To be fair, the NSA don't seem to have caused problems with the S-Boxes and differential analysis doesn't seem to have worked too well. On the other hand, COCACABANA et al were glorified 1940s-era Colossus machines - cracking codes via a massively parallel architecture. To me, that's the scary part. Turing's work on cryptography and massively parallel code breakers was 100% applicable to the design of DES because the keylength was so incredibly short. You could build enough machines to effectively break it.
How many DES engines do you think someone could have crammed onto a wafer in the 1980s? (Remember, each die can have multiple engines, and then the dies that work can be hooked together.) Link up a bunch of such wafers and you end up with a crypto engine from hell. It would have been VERY expensive, but I would imagine it perfectly plausible that a sufficiently detemined and rich organization (I would imagine the NSA might have been one such) could have potentially built such a machine when the rest of us still thought the 6502 was a really neat idea.
Doesn't mean anyone ever did. People could have reached Mars in the 1980s, so "could have" and "did" are obviously very different things. What people actually did is anyone's guess, though "nothing" sounds about right.
Had they built such a device, though, then near-real-time breaking of DES would have been possible at the time it was in mainstream use. Certainly, there were claims circulating that such devices existed, but a claim like that without proof is hard to accept. All I can say is that it's demonstrably not impossible, merely unlikely.
Back to SHA-2. Are we in the same boat? Are there ways to build something today, even if nobody is likely to have actually built it yet, that could endanger SHA-2? (To me, THAT is the measure of security, not whether anyone actually has, because they're not likely to tell you when they have.) Quantum computing is the obvious threat, since 512 bits is a lot of security, too much to attack in parallel with a classical architecture.
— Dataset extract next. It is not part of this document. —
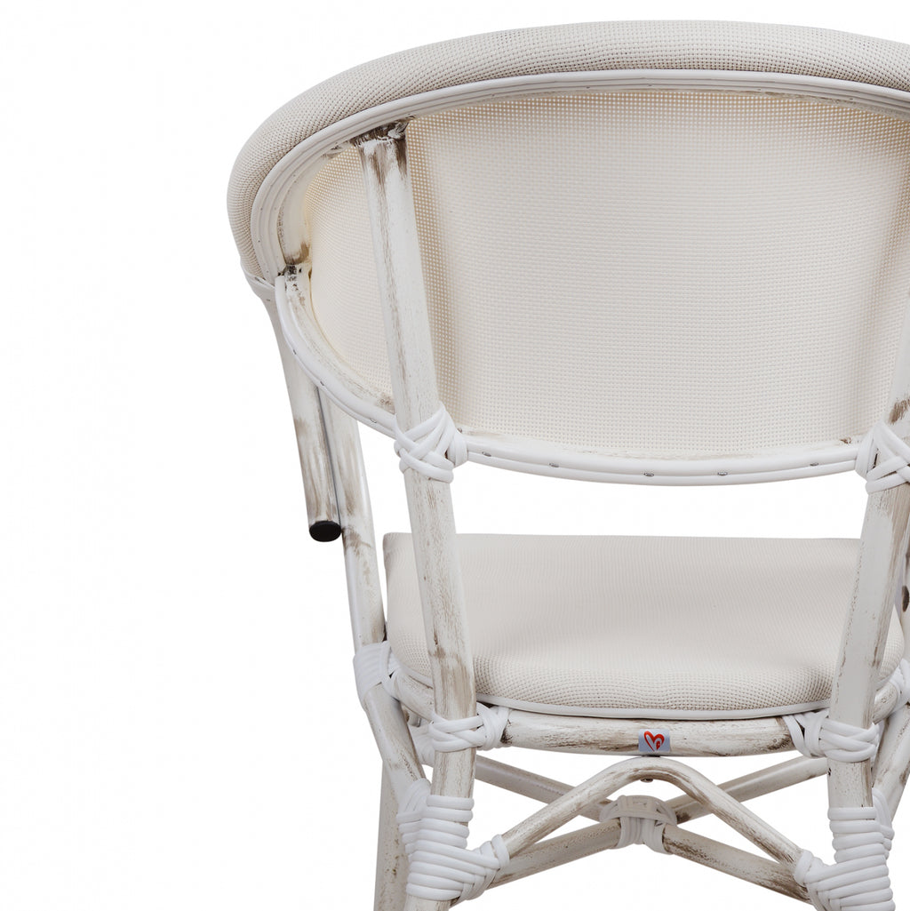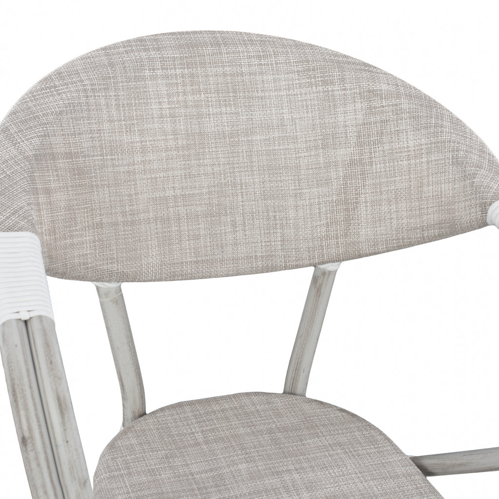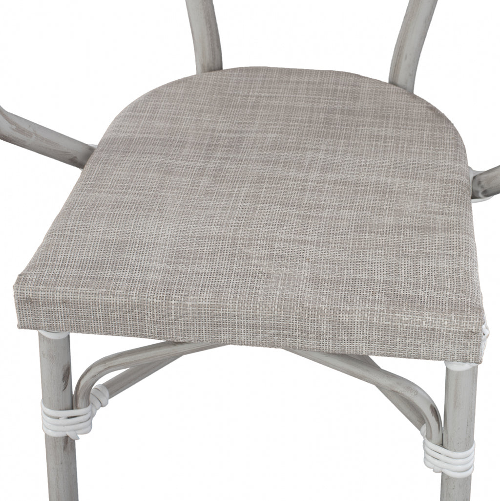 "Bamboo Look" алуминиево кресло за открито с голяма устойчивост на слънце и дъжд. Размери: 57х57х83 см. Водоустойчив текстил на гърба и седалката 4x4 Размери на алуминиевите задни крака: Φ 0.28x1.50 mm. Размери на алуминиеви предни крака: Φ 0.25x1.20 мм. Цвят на рамката: Патина сиво Цвят на плата: Светло сиво

Quantum computing, though, should let you scale up non-linearly. The question is whether it's enough. (I'm assuming here that there are no issues with preimages or timing that can be exploited to reduce the problem to a scale QC can solve even if classical machines can't.)
There have been a few murmurs that suggest SHA's security isn't as strong as the bitlength implies. Would that be enough? If Japan can build a vector machine the size of a US football stadium, then it is not physically impossible to scale a machine to those sizes. Nobody has scaled a quantum computer beyond a few bits, but I repeat, I don't care what people have publicly done, it is what is within the capacity of people TO build whether publicly or not that matters.
If you're not 100% certain that not even a quantum computer on such a scale, where all nodes were designed at the hardware level to perform JUST the task trying to break the has, then the hash is not safe for 20+ years. It may be unlikely, but there's nothing to say it might not be vulnerable right now. There's nothing physically impossible about it (as shown), it's merely a hard problem. And hard problems get solved. What you need in a crypto hash is something you can be sure WILL be impossible to break in a 20 year window, which means what you need is a crypto hash that is beyond anything where the components can be prototyped today. For a 30 year window, it needs to be beyond detailed theory. A 50 year window can be achieved if it's beyond any machine ANY existing theory can describe.
(It takes time to go from theory to prototype to working system to working system on the right scale. The intervals seem to be fairly deterministic in each subject. I believe this to indicate a mathematical model that underpins things like Moore's Law and which is independent of field. Know that model and you know when Moore's Law will fail. Moore's Law is merely the equivalent of Hooke's Constant for computing, failure is inevitable, and if I'm correct then just as QM explains why Hooke's model worked over the interval that it did, there is a model in Information Theory which will explain why Moore's Law works and when it will not. However, that's for another time, when I show how since the underpinnings can be modeled and since the practice is social in nature rather than technical, something non-physical like societies nonetheless obey QM-like laws and thus a deeper theory must exist that describes sufficiently large societies in a model that could legitimately be called Psychohistory. For now, it is sufficient to say that if you want security for a period of X years, certain things must not have been discovered/built.)
SHA-3 doesn't increase keylength, but it DOES make things considerably less vulnerable to a massively distributed attack on scales we now know to be possible using non-traditional technologies we now know can be used.